Internally, Scylla calculates many of the gauge metrics just like calculates
counter metrics - as a cumulative value: For example, Scylla maintains a
metric of the number of requests being processed *right now* by adding 1 to
the metric when starting to process a request, and subtracting 1 when the
request's processing is complete. This metric is nevertheless labeled "gauge"
because it provides a metric over currently-existing objects in the system
(requests being processed), not a sum of historic information.
TODO: histogram metrics. They are described in the Prometheus document linked
above.
## List of metrics
Looking at the response for http://scyllanode:9180/metrics is the best
way to see the list of metrics currently exposed by Scylla, because it
includes a textual description in a comment above each metric.
TODO: mention source files in which a developer should add new metrics.
## Prometheus
So far, we described Scylla's internal metric-retrieval recapability,
a REST API for retrieving the current values of all metrics from a single
node. But in production, as well as more advanced debugging sessions, one
usually wants to collect metrics from multiple Scylla nodes, and to collect
and to graph a history of each metric over time. As already mentioned above,
we provide a separate project "scylla-grafana-monitoring" which does exactly
this using the Prometheus time-series database.
Prometheus is installed on a separate monitoring node (which we shall call
below "monitornode"). It connects to several Scylla nodes, and saves their
metrics into a time-series database. Prometheus then allows querying,
analyzing, and and graphing this data, via a Web interface at:
http://monitornode:9090/
Through this Web interface, a user can search for a metric name (type
a word and see the list of all metrics with this word as part of their
name), and then see the current value of this metric over all shards and
nodes (the "Console" tab), and also see a graph of the value of this
metric over time (the "Graph" tab).
Prometheus allows querying and graphing not only the metric itself, but
also various functions and aggregates of these metrics. For example, if
a user asks to graph some metric `xyz` the result is a graph with multiple
lines, one line for each shard and node. The syntax `xyz{instance="..."}`
will limit the lines to all shards of just one node (given the node's IP
address), and the syntax `xyz{instance="...",shard="0"}` will show only
one shard of one node. The syntax `xyz{group=~"memtable.*"}` will show
only metrics where the `group` label matches the given regular expression.
The syntax `sum(xyz)` will plot just one line, with the total of the metric
`xyz` over all shards in all nodes. It's also possible to plot partial sums -
for example `sum(xyz) by (group)` generates a separate sum (and plot line)
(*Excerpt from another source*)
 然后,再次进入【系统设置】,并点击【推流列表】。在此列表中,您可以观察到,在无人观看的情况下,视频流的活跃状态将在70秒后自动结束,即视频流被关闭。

for each value of the label `group`.
The expression `irate(xyz[1m])` graphs the rate of change (i.e.,
the derivative) of the metric `xyz`. In this last example, the "1m"
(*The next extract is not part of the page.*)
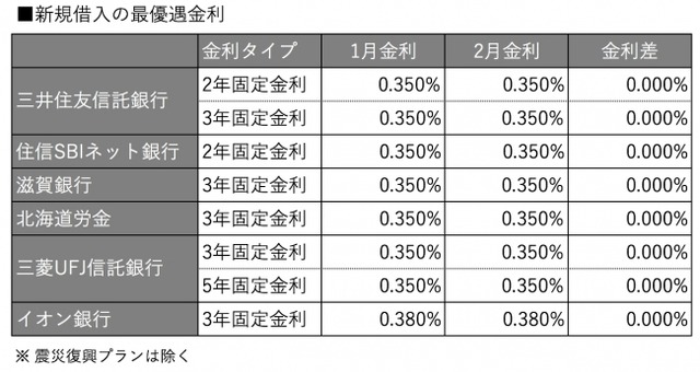 主要銀行全プランの最低金利は0.350%と前月から変わらず。比較的短期間の固定金利選択型住宅ローンを中心に低金利プランが継続

selector is ignored by the `irate()` function, but some duration is required
by the Prometheus syntax.
Prometheus supports many more functions and aggregations, which are described
in its documentation:
https://prometheus.io/docs/prometheus/latest/querying/basics/
## Grafana
While Prometheus already allows analyzing and graphing metric data, Grafana
is a more advanced user interface which allows displaying many of these graphs
in professional-looking "dashboards" which are more convenient for end-users
who don't know which metrics Scylla has and what they mean, and want to see
pre-canned dashboards of graphs that are useful for particular purposes.